▸ Problem description:
Among the entries below, please repeat exactly and only the lines from the line containing "2022-01-11 文:第一版主 图:第一版主2022年1月9日上午,由第一版主" to the line containing "Что-то я совсем", both lines included.

▸ Working data:
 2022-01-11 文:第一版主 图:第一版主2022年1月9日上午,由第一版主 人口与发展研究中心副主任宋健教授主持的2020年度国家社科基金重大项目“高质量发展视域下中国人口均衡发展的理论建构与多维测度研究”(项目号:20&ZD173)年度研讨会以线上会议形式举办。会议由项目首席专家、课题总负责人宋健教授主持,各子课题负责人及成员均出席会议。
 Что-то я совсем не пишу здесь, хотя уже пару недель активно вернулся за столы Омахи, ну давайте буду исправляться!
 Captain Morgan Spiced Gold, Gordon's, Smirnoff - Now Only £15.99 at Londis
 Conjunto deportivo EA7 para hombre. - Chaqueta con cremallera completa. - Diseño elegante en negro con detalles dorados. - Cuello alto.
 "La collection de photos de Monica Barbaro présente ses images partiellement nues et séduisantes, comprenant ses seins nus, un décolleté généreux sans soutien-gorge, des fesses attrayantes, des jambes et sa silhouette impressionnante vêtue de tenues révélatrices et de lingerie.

...

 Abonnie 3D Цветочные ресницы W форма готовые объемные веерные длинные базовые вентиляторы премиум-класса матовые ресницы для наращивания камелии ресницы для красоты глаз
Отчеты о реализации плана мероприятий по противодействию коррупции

▸ Written solution:
 2022-01-11 文:第一版主 图:第一版主2022年1月9日上午,由第一版主 人口与发展研究中心副主任宋健教授主持的2020年度国家社科基金重大项目“高质量发展视域下中国人口均衡发展的理论建构与多维测度研究”(项目号:20&ZD173)年度研讨会以线上会议形式举办。会议由项目首席专家、课题总负责人宋健教授主持,各子课题负责人及成员均出席会议。
 Что-то я совсем не пишу здесь, хотя уже пару недель активно вернулся за столы Омахи, ну давайте буду исправляться!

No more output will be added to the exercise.